• Activity:
Starting with the line that contains "ถูก/แท้/มีไลฟ์ แป้ง ODBO" and stopping after the line that contains "三重野 友紀恵さんを姓名の画数から五運を鑑定", copy the entries below exactly. Include nothing else.

• The data:
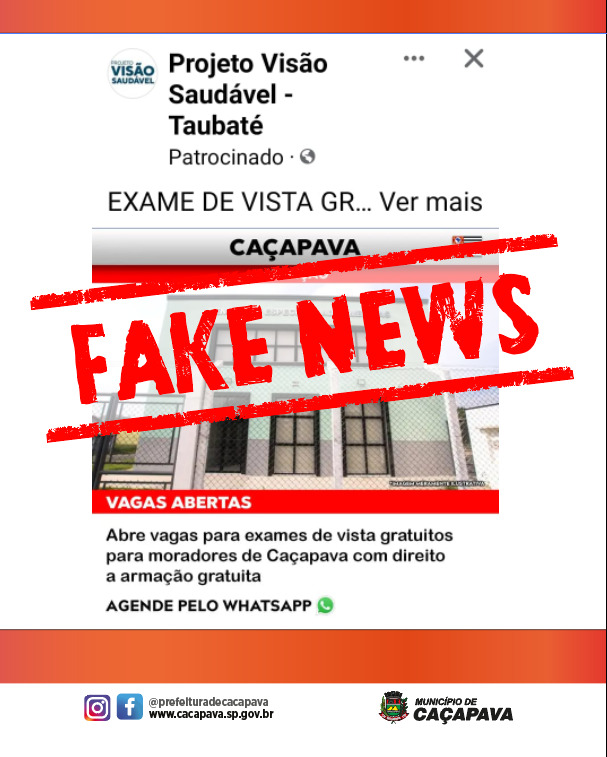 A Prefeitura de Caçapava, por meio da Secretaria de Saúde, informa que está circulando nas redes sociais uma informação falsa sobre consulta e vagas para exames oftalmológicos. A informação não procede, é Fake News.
...
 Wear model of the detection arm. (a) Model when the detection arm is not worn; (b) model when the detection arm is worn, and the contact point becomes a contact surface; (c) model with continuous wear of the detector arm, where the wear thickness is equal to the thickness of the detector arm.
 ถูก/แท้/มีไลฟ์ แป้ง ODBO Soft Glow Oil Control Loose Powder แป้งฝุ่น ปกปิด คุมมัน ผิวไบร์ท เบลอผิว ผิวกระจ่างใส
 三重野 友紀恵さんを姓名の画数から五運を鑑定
==
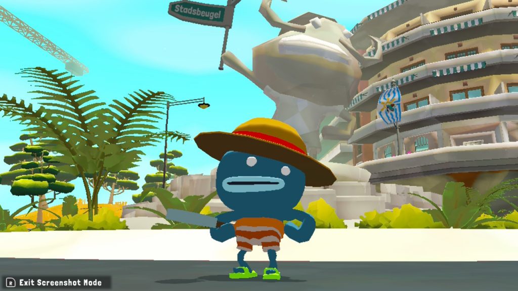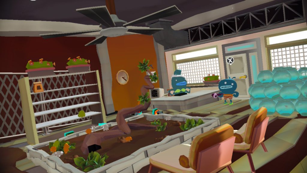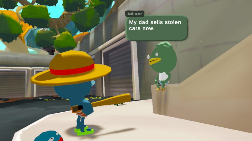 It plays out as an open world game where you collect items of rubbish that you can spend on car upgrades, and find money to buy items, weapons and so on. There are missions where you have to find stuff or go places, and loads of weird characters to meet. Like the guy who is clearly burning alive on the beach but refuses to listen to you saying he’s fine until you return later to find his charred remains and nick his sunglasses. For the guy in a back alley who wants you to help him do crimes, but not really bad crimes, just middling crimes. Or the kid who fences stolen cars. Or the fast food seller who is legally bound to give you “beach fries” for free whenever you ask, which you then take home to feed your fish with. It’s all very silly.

• Exercise result:
 ถูก/แท้/มีไลฟ์ แป้ง ODBO Soft Glow Oil Control Loose Powder แป้งฝุ่น ปกปิด คุมมัน ผิวไบร์ท เบลอผิว ผิวกระจ่างใส
 三重野 友紀恵さんを姓名の画数から五運を鑑定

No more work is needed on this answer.